EXERCISE GOAL →
Exactly as written, write out the lines below from the first to the one containing "Başta 13. Bölümde", inclusive. Pictures do not belong in the copy.
==== DATA SECTION ====
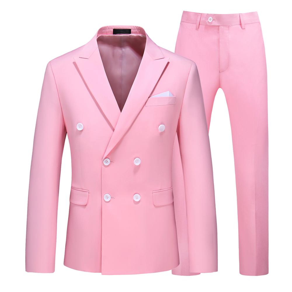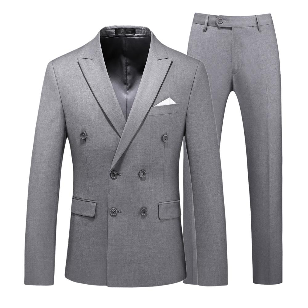 Woherb Double Breasted Tuxedo Suit Men Business Work Wedding Formal Sets Solid Suit Jacket with Pant Slim Fit Korean Casual Clothing
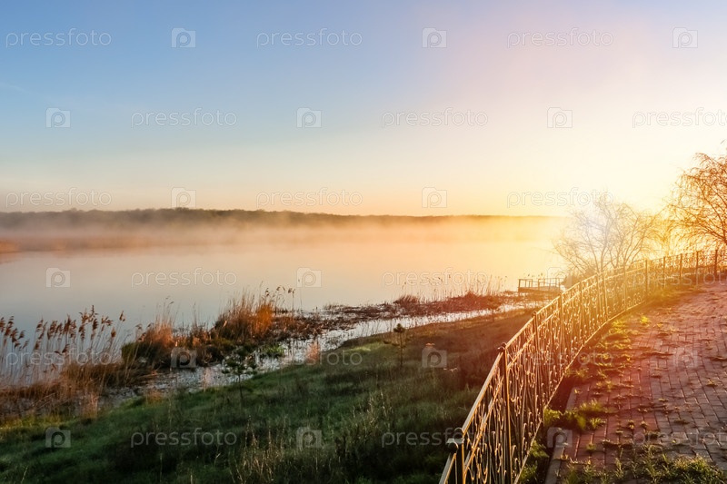 Красивый солнечный пейзаж с рекой, светит солнце
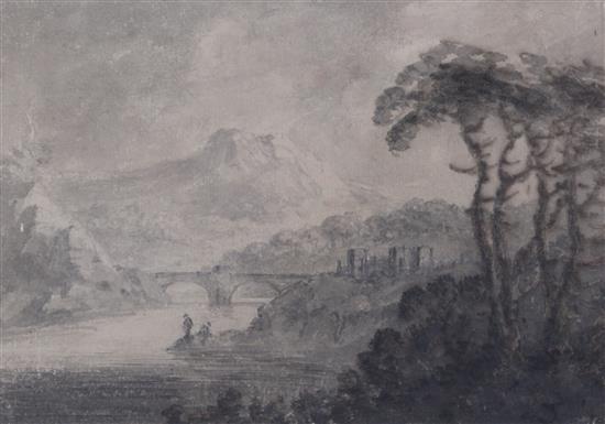 Mountainous river scene with bridge
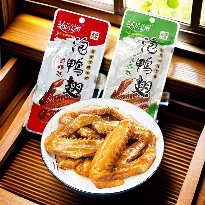📚 桔园洲泡鸭翅香辣鸭翅根零食休闲麻辣食品卤鸭翅膀熟食开袋即小吃
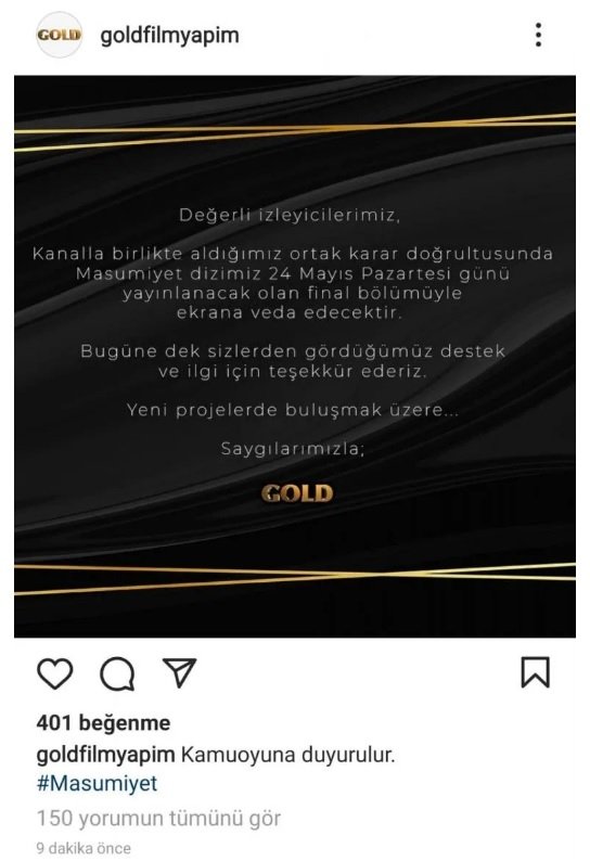 Başta 13. Bölümde final kararı alındı ancak daha sonra diziye bir şans daha verilmişti. Gold Film'in sosyal medya hesabın'dan yaptığı açıklamayla dizinin final tarihi belli oldu.
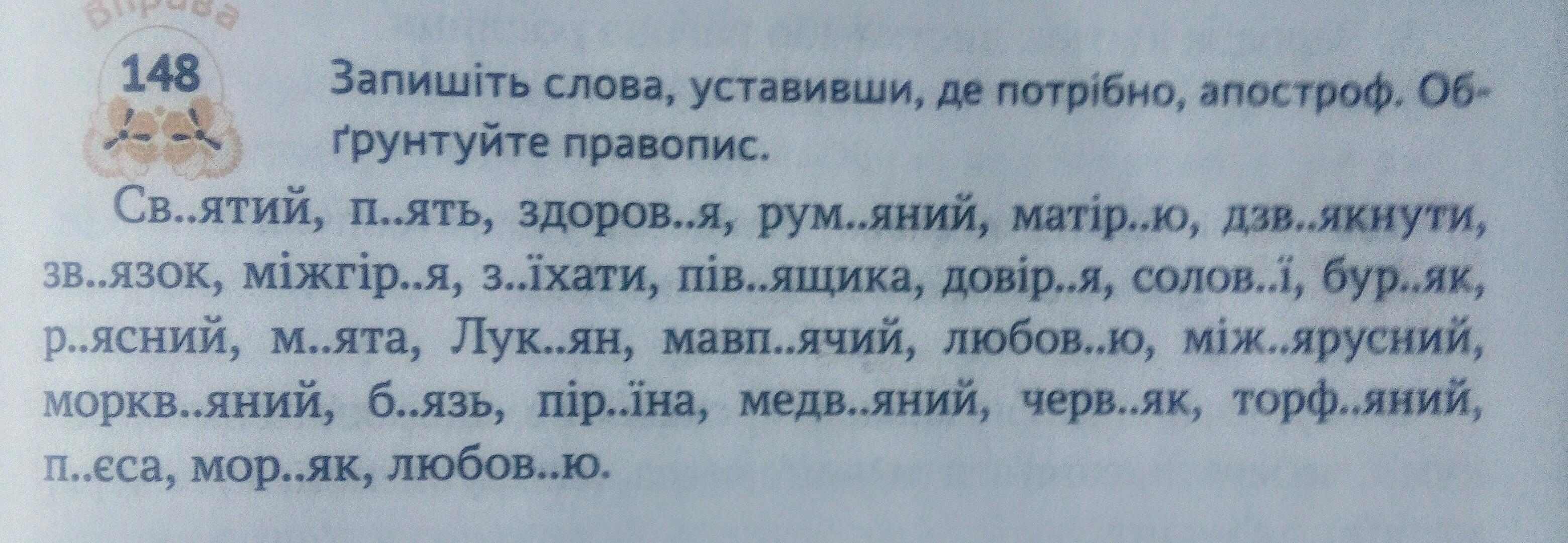 Святий, п'ять, здоров'я, рум'яний, матiр'ю, дзв'якнуьи, зв'язок, мiжгiр'я, з'iхати, пiв'ящика, довiр'я, солов'i, буряк, рясний, м'ята, Лук'ян, мавп' ячий, любовю, мiжярусний, моркв'яний, бязь, пiр'iна, медяний, черв' як, торф'яний, п' еса, моряк, любовю
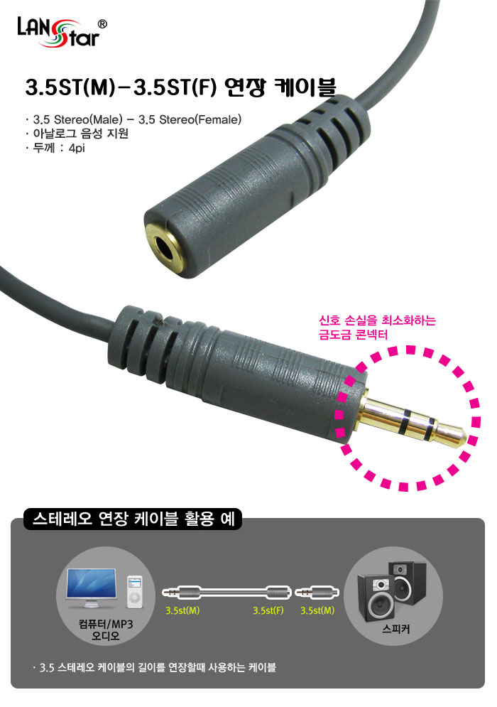 • 규격1m.케이블 양쪽이 한쪽은 숫놈/다른 한쪽은 암놈타입.스테레오케이블 연장시 사용
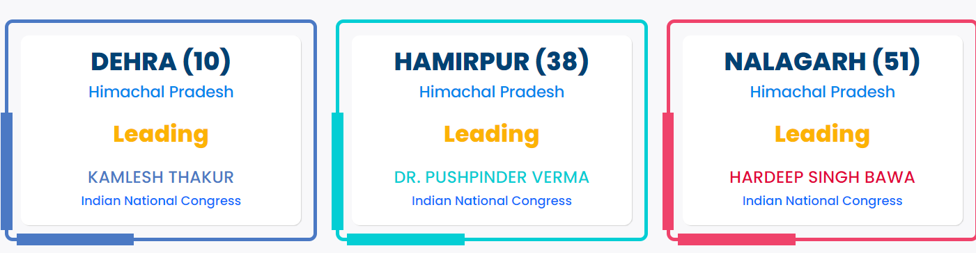 हिमाचल की तीनो Seets पर कांग्रेस की Leed
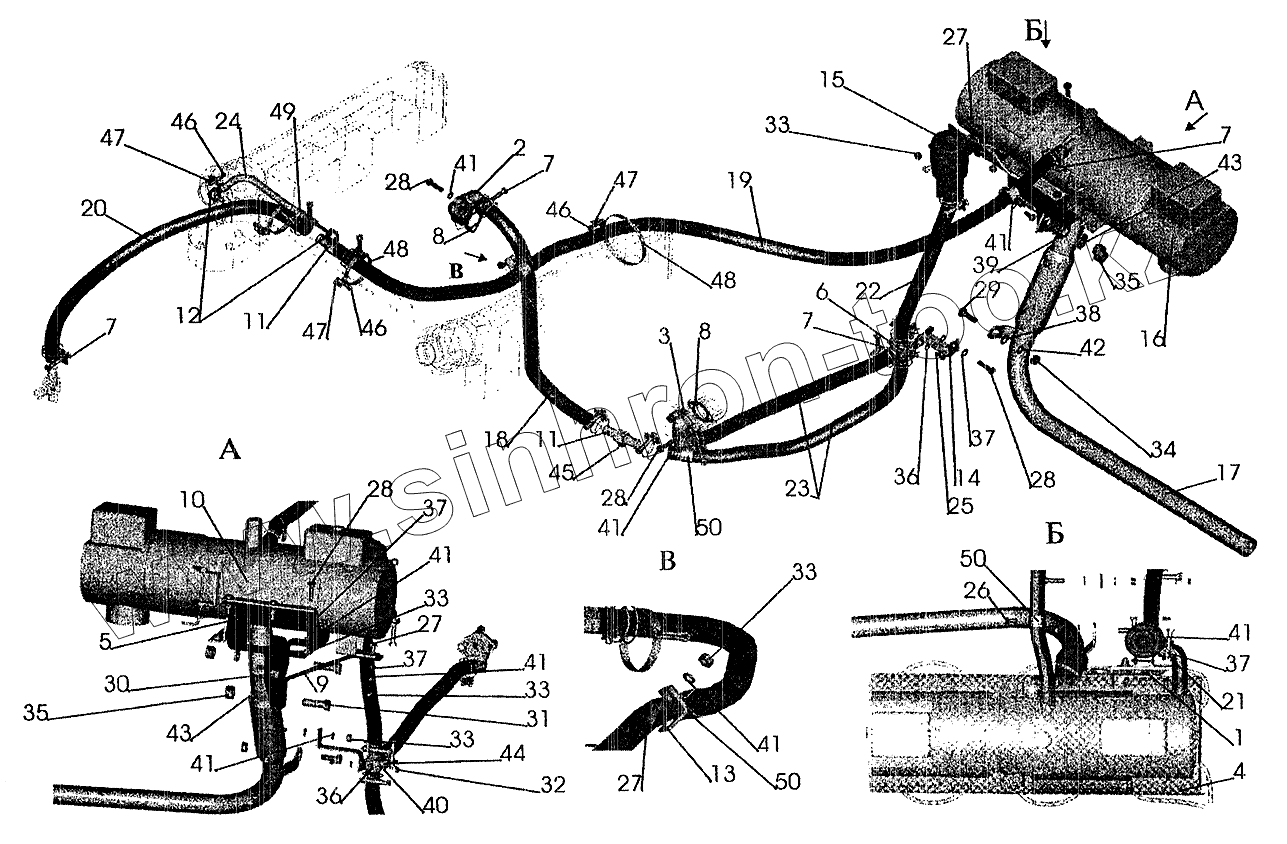 Каталог запасных частей к технике: МАЗ-5337 (2005). Установка подогревателя
====
ANSWER →
 Woherb Double Breasted Tuxedo Suit Men Business Work Wedding Formal Sets Solid Suit Jacket with Pant Slim Fit Korean Casual Clothing
 Красивый солнечный пейзаж с рекой, светит солнце
 Mountainous river scene with bridge
📚 桔园洲泡鸭翅香辣鸭翅根零食休闲麻辣食品卤鸭翅膀熟食开袋即小吃
 Başta 13. Bölümde final kararı alındı ancak daha sonra diziye bir şans daha verilmişti. Gold Film'in sosyal medya hesabın'dan yaptığı açıklamayla dizinin final tarihi belli oldu.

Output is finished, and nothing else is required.